Investing.com - Gold futures rose to the highest level in two weeks on Wednesday, while silver and copper surged as the U.S. dollar came under heavy selling pressure after U.S. lawmakers managed to push through a last-minute budget deal, thus averting the effects of the fiscal cliff.
On the Comex division of the New York Mercantile Exchange, gold futures for February delivery traded at USD1,692.85 a troy ounce during U.S. morning trade, up 1% on the day.
Prices rose by as much as 1.2% earlier in the session to hit a daily high of USD1,695.35 a troy ounce, the strongest level since December 18.
Gold prices were likely to find support at USD1,652.75 a troy ounce, the low from December 24 and near-term resistance at USD1,704.35, the high from December 18.
Elsewhere on the Comex, silver for March delivery soared 3.9% to trade at USD31.40 a troy ounce, while copper for March delivery rallied 2.75% to trade at USD3.753 a pound.
The U.S. House of Representatives voted Tuesday night in favor of a deal to avert the fiscal cliff, blocking a series of looming tax increases and spending cuts that could have pushed the U.S. economy back into a recession.
The final vote tally was 257 to 167. The passage came after the Senate approved the measure by a large majority of 89-8 early Tuesday morning.
The bill, which raises taxes for the wealthy and delays spending cuts for two months, now heads to the White House, where President Barack Obama is expected to sign it into law.
Metal prices remained higher after data showed that manufacturing activity in the U.S. expanded at a faster rate than expected in December.

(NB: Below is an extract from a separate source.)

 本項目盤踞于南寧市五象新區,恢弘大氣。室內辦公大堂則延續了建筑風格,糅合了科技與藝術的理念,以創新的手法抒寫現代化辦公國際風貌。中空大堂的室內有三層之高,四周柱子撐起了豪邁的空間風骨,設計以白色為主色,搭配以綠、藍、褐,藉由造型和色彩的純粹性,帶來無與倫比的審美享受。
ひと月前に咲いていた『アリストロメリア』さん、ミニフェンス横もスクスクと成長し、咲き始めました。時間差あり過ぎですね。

The Institute for Supply Management said its index of purchasing managers rose to 50.7, up from 49.5 in November, compared to expectations for a reading of 50.3.

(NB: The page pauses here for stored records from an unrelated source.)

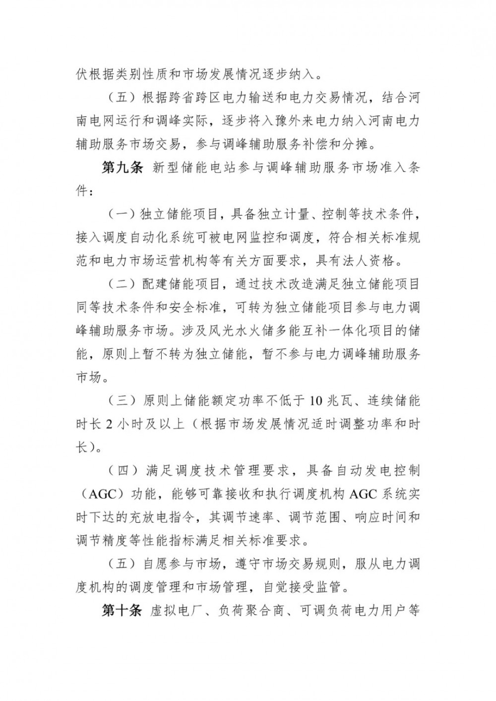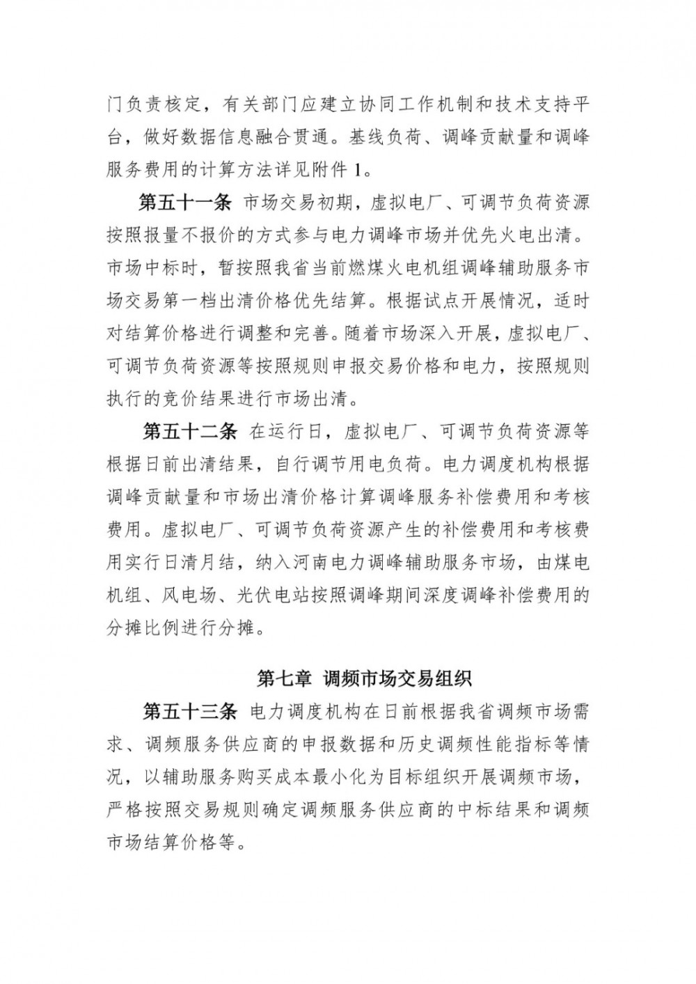 (五)根据跨省跨区电力输送和电力交易情况,结合河南电网运行和调峰实际,逐步将入豫外来电力纳入河南电力辅助服务市场交易,参与调峰辅助服务补偿和分摊。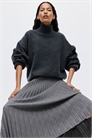 Плиссированная юбка длиной до колен из тканого материала с легким блеском. Высокая талия с узкой эластичной резинкой. Без подкладки.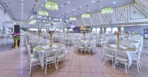 1500 kişiye kadar kapasitesiyle Balo Salonumuz, eşsiz mimarisi, geniş iç hacmi ve özenli dekorasyonu ile özel etkinliklerinize ev sahipliği yapıyor. Şık tasarımıyla dikkat çeken salonumuz, farklı gelin-damat çıkışıyla düğünlerinizi unutulmaz kılmaktadır.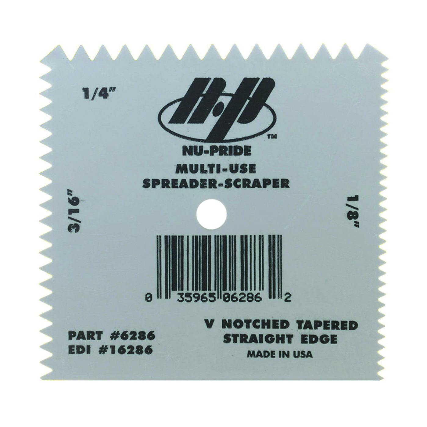 Multi-use spreader/scraper. Won't rust or corrode. Each side of spreaders has a different notch size. Made in the U.S.A. Sizes: 3/16, 1/4, 1/8 'V' and tapered edge.

The rally also followed official data Tuesday showing that China's manufacturing Purchasing Managers' Index expanded for the third consecutive month in December.

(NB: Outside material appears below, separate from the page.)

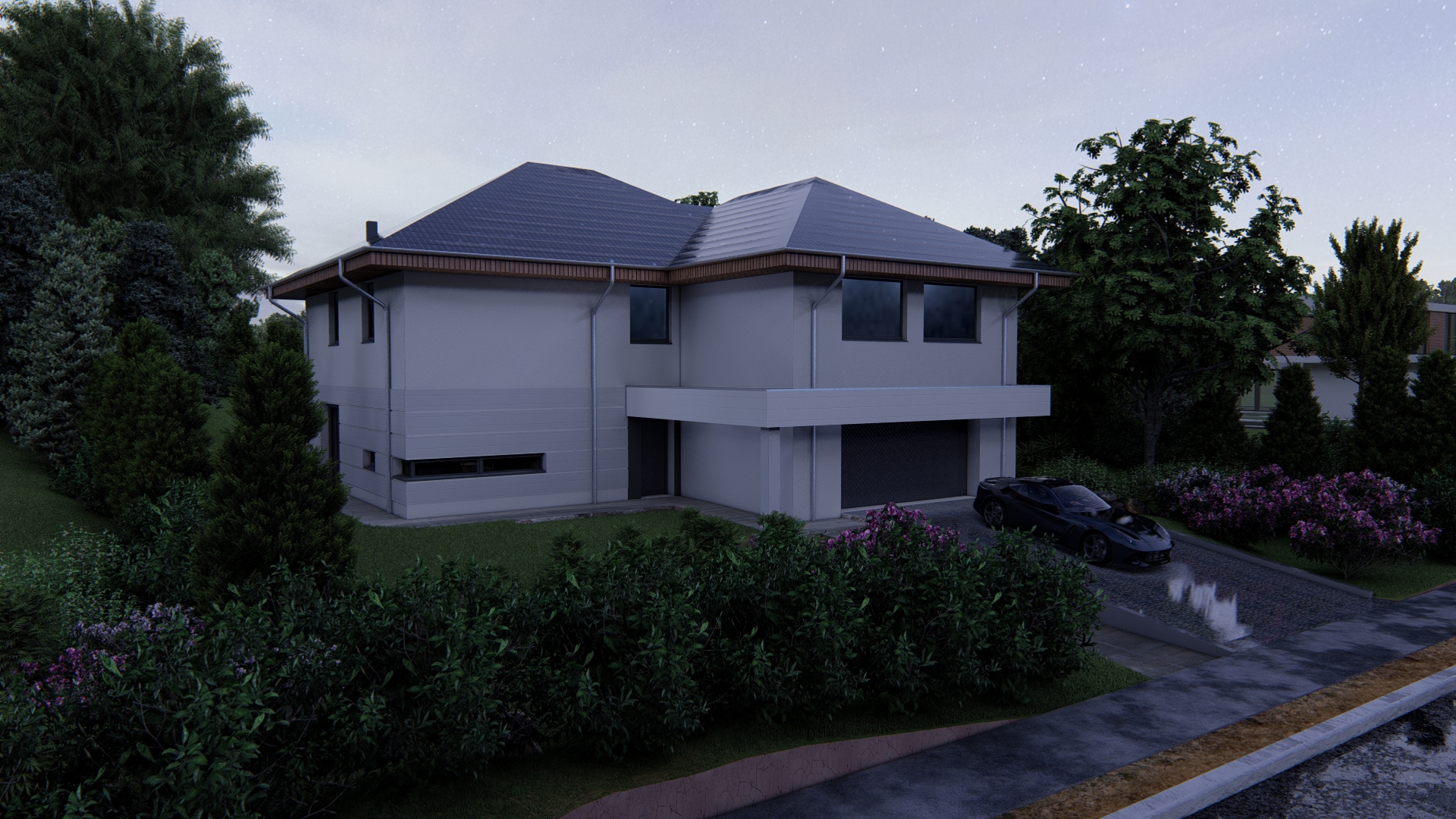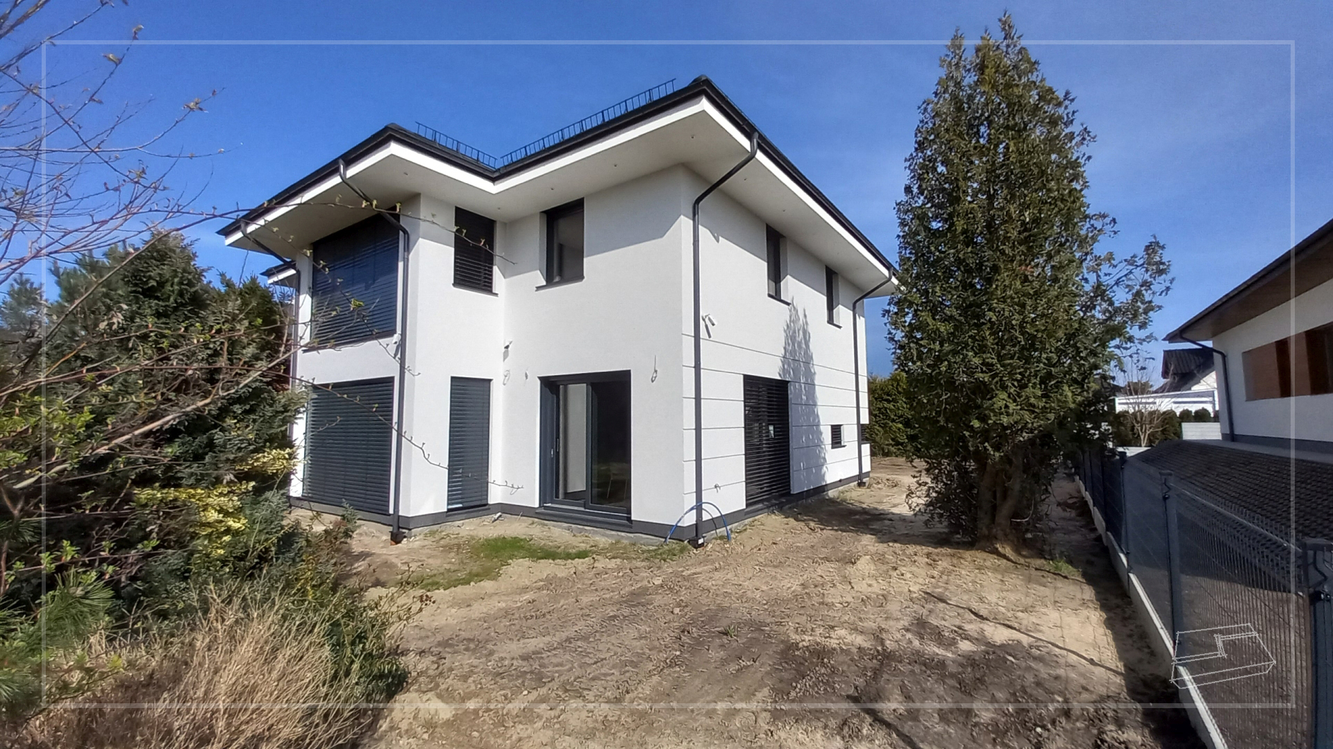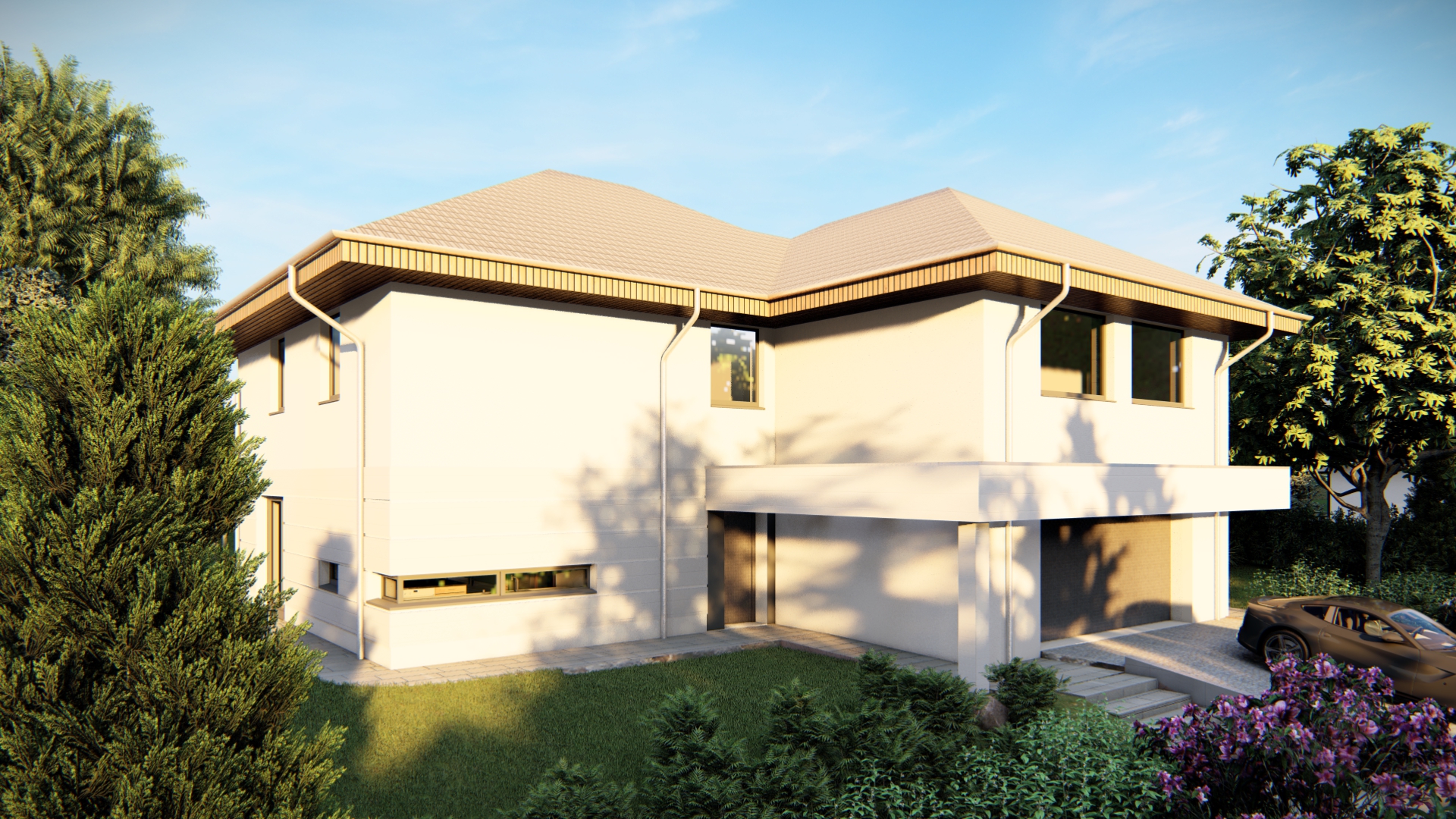 Budynek z garażem wbudowanym dwustanowiskowym, kuchnią, biurem na parterze i przestronnym salonem z reprezentacyjnymi schodami.

The PMI held steady at 50.6 last month, above the 50.0-point mark that indicates an improvement in activity.
Weakness in the U.S. dollar provided further support. The dollar index, which tracks the performance of the greenback against a basket of six other major currencies, was down 0.4% to trade at 79.56, close to a two-week low.
Dollar-denominated commodity contracts tend to rise when the dollar falls, as it makes them cheaper for buyers in other currencies.
Metal traders are now looking ahead to Friday's highly-anticipated data on U.S. nonfarm payrolls, as investors attempt to gauge the strength of the country's economic recovery.
Any improvement in the U.S. economy could scale back expectations for further easing from the Federal Reserve.